He’s a Kachin refugee cooking breakfast in front of the outhouses at the Saint Paul refugee camp in Myitkyina. I live in an apartment where, like many in New York, the toilet and kitchen occupy very clearly defined and well separated spaces. He’s smoking cheap green tobacco—I’ve smoked some lousy leaf in my day, but I’ve also been able to smoke Cohibas with the Cuban Foreign Minister; Marlboros with the greatest photographers on earth; and purple, purple weed with some of the finest and stoniest Californians ever made.
I could go into more differences. Only one of us speaks the Kachin language, and only one of us wears skirts.
But for some reason I woke up this morning, looked in the mirror, and was feeling like this guy looks. The reason? I’m moving.
I would phrase that, “I’m moving, too.” But this guy’s move was really quite different. He was chased out of the hills with his family in front of the advancing Myanmar army. I am moving nine blocks away to a new apartment in the same neighborhood, in part because my kid is allergic to something in our current place, in part to save money. In simpler terms: it’s a whole hell of a lot less coercive than what the Kachin people have been going through.
Yet, here I am, looking at the five dishes and one pot that are left unboxed and which we’ll be cooking and eating with over the next three days or so, and thinking about the refugee camp. Stupid, right?
Maybe not. Not to get to get too far into Lacanian gaze theory, but suffice to say that some theorists think that looking at something, or someone, actually changes whatever or whomever is being looked at. In the context of what we do, I think it means that tourism changes that which is being touristed (nearly over-run Laos would be a hell of an contemporary example of that). Also, it must mean that reporting changes the lives of the reported. So this guy and I, we made eye contact, shared a couple minutes of silence, said a few words unintelligible to the other, and that was all it took. He’s in my camera, but also in my head, and I’m seeing a couple new angles in life through him and his cigar, and his big boiling pot of outhouse grits he’s so at peace with.
And undoubtedly for him and all the other Kachin at the camp, we must have been a presence not soon forgotten. Large, pale, doughy (or, in the intern’s case, violently ill), attached to cameras, with big relentless smiles.
Their war will be over eventually. They will return to their villages, and then have to figure out how to live the rest of their lives, in an area that, as Thant Myint-U points out, is soon to be crowded with jostling superpowers. Maybe something they saw in their strange visitors will stick with them, can offer them some new belief about their own predicament.

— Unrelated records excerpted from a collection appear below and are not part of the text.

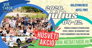 A DUE 45. Kommunikációs és Média Szaktáborát 2026. július 4-12. között rendezzük meg Balatonkenesén, a Kenese Port Hotelben. Gyönyörű környezetben, minőségi szálláson, profi segítőkkel és felszereléssel, számtalan szakmai és szabadidős program résztvevőjeként próbálhatod ki magad újságíróként, rádiósként, videósként vagy fotósként. Megnyitottuk a jelentkezést: a korábbi táborozók most hatalmas kedvezményt vehetnek igénybe.
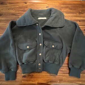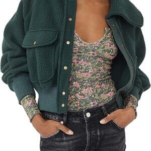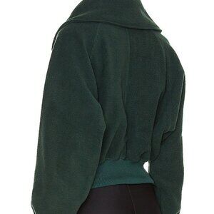 Fleece bomber-style jacket. Relaxed fit, slightly cropped silhouette. Deepest Spruce color. 100% polyester fleece.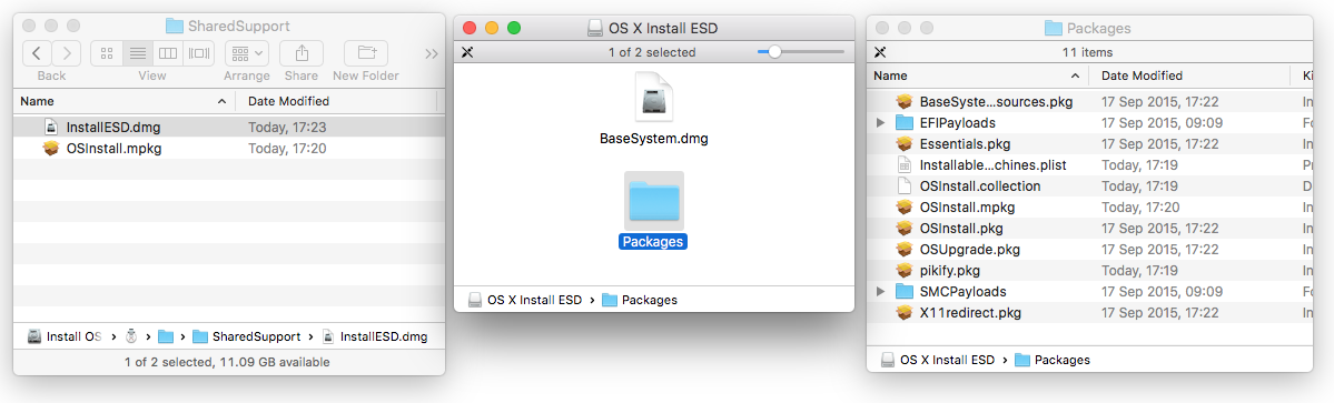 go into the Packages folder and confirm that the pikify.pkg file and the OSInstall.collection file are present.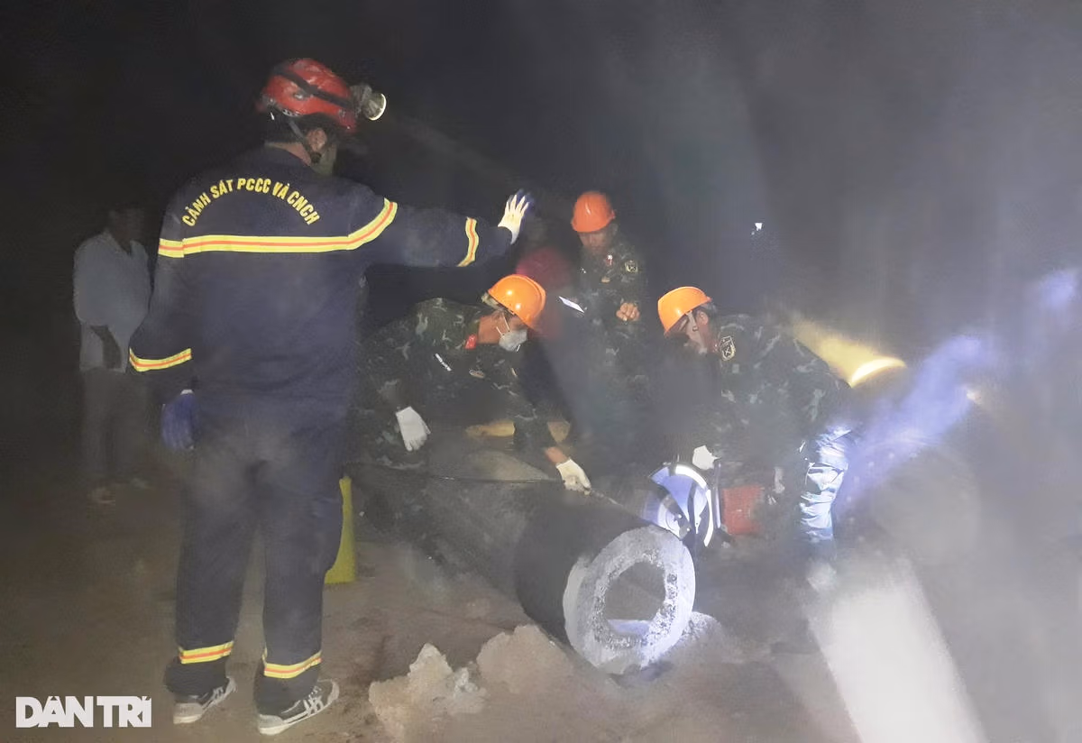 Hiện, cứu hộ làm sạch những mét bùn đất cuối cùng trong lòng ống thép bằng phương án khoan xoáy nước áp lực lớn làm tơi đất và khoan guồng xoắn nhằm phá vỡ lớp đất có kết cấu chặt.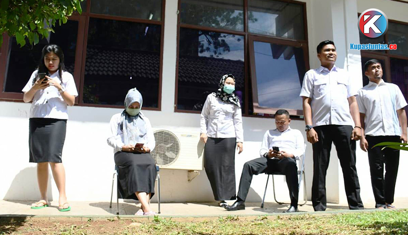 Terlihat beberpa pegawai Protokol dan Informasi Pimpinan Pemkot Bandar Lampung yang secara bergantian berjemur di pelantaran kantor, Rabu (01/04/2020). Foto: Sulaiman/Kupastuntas.co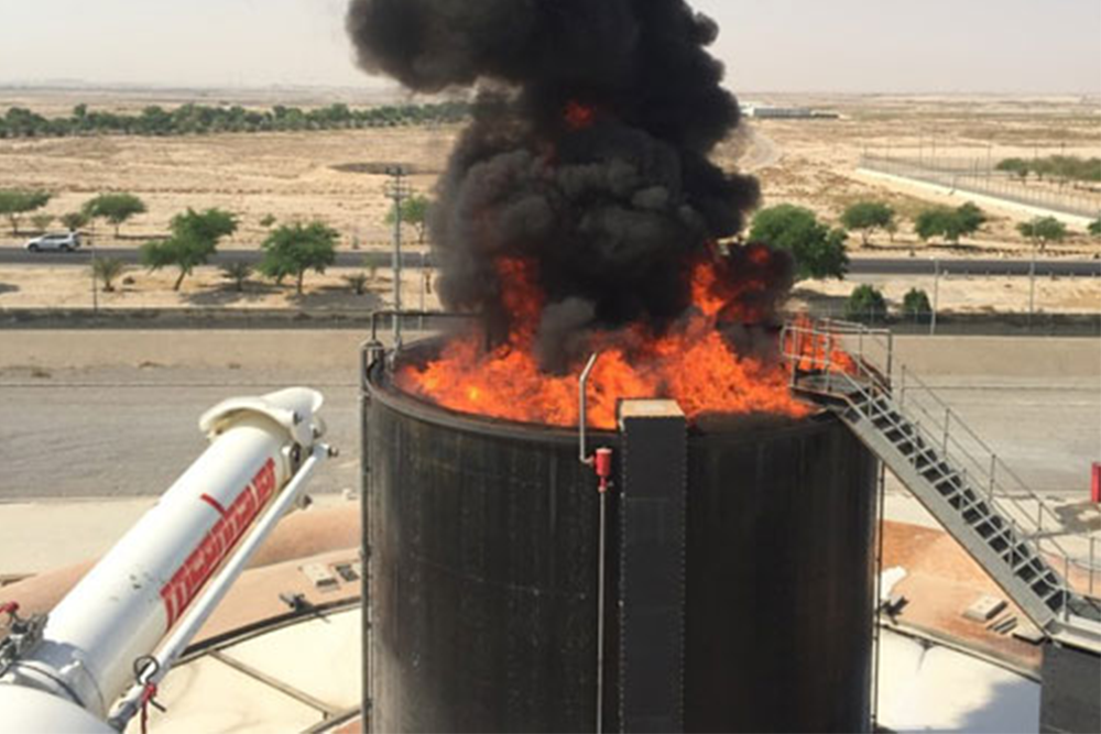 Simulation manufactures oil and fuel storage tank fire training simulators that offer the most intensive and realistic tank fire scenarios available. From full scale mock ups through smaller scale units, the computer-controlled fire loads will test the students and trainees. Advanced foam application techniques and fire-fighting tactics will be challenged in an extremely realistic environment.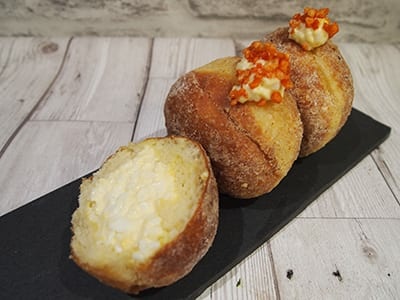 - Fill a piping bag with the egg mayonnaise and pipe into the doughnut - aim to get 30g.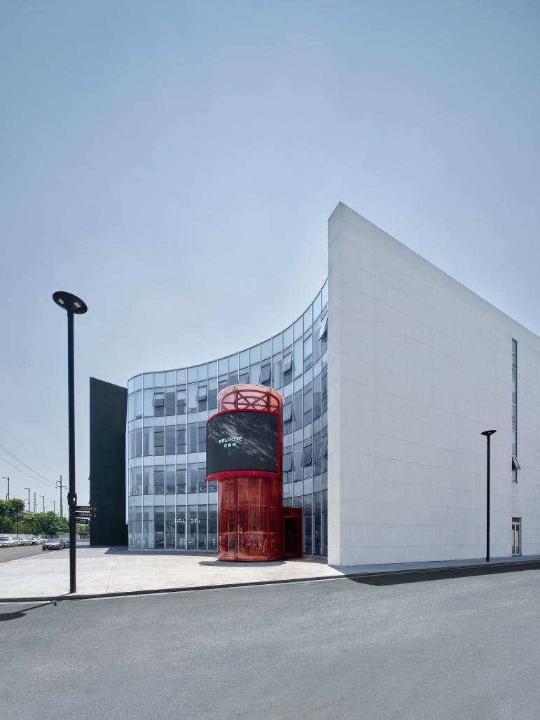 Located on the left side of the office lobby, the retail space has its main entrance on the north side of the building, serving as the primary entrance for consumers to do shopping and visit the showroom. It is adjacent to the city's main road and has a more outward-facing aspect compared to the office entrance. Through the outdoor cylindrical red transparent glass stairwell space, one can access both the ground floor and the second floor of the retail space as well as the showroom of the sightseeing factory.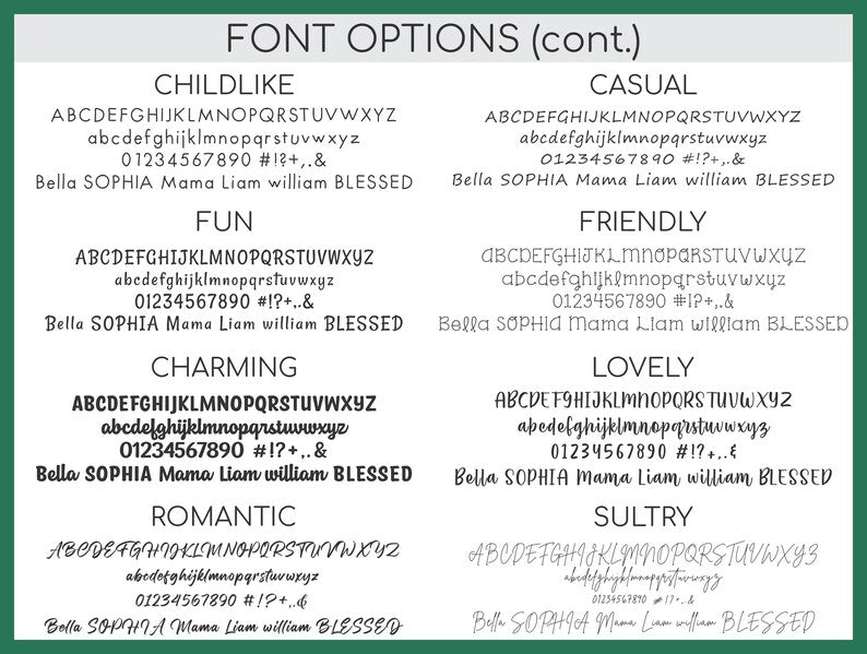 * Font, if applicable, default to Simple if you don't say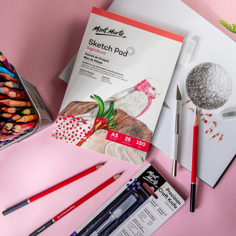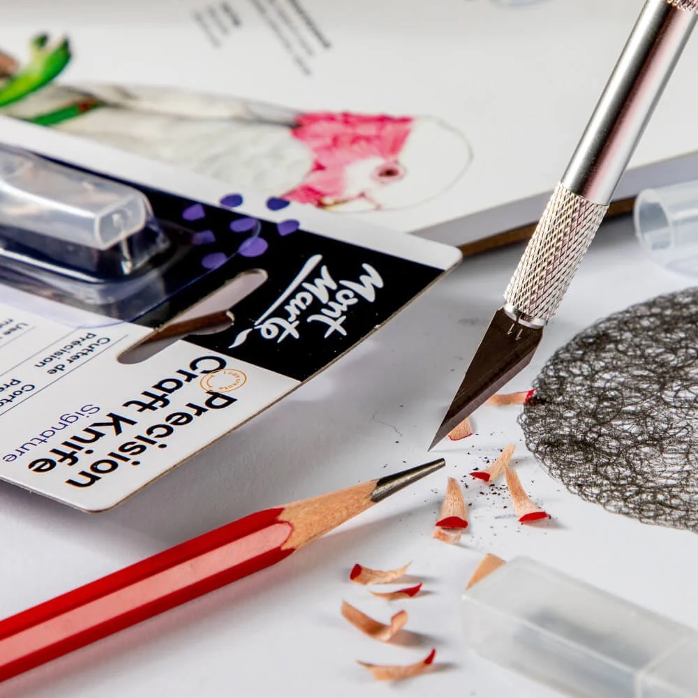 Cutterul de precizie Mont Marte este conceput pentru lucrări detaliate de modelare, tăiere și decupaj în proiecte creative. Lama ascuțită permite tăieri exacte și controlate, fiind ideal pentru hârtie, carton, lut cu uscare la aer sau pastă modelatoare 🎨✂️.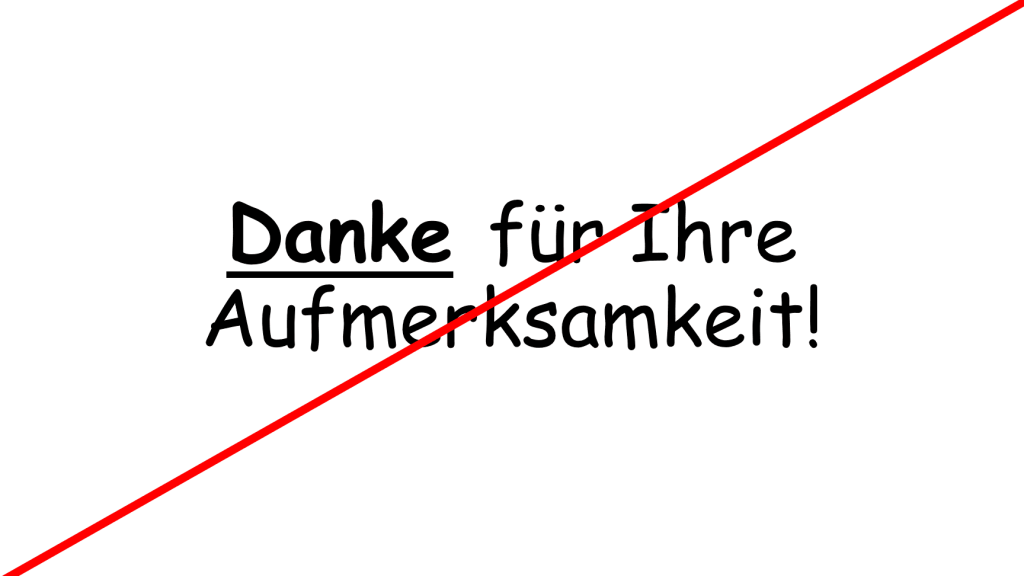 Wir empfehlen, die Sprache einfach und verständlich zu halten. Die Kombination aus Text und visuellem Material maximiert die Wirkung der Schlussfolie. Achten wir darauf, dass die Folie optisch ansprechend ist, um die Aufmerksamkeit des Publikums zu halten.

A refugee has bigger things to worry about than what lessons they can fashion out of their encounter with bule? Perhaps. But these dudes also have a TON of time on their hands. No crops any more, just a few bricks to fire and baskets to weave; life in the camp is tedium. So I don’t think it’s narcissism to imagine their thoughts turning to young Zach or myself. The real egotist among travelers is the kind that thinks he just comes and watches people like animals in the zoo, that the people he visits don’t see him every bit as much as they are being seen.
This is the reciprocity of change, whether for good or bad. Travel means being changed, and changing others. That’s why I’m trying not to let my sedentary soul be traumatized by this process of moving, of packing everything in boxes, convincing a five-year-old that the next place will also feel like home. I know the good about going to a new apartment: it requires movement, a little transformation, a bit of acceptance, and that’s all I can wish for in 2012. More roads, more kingdoms, more movida.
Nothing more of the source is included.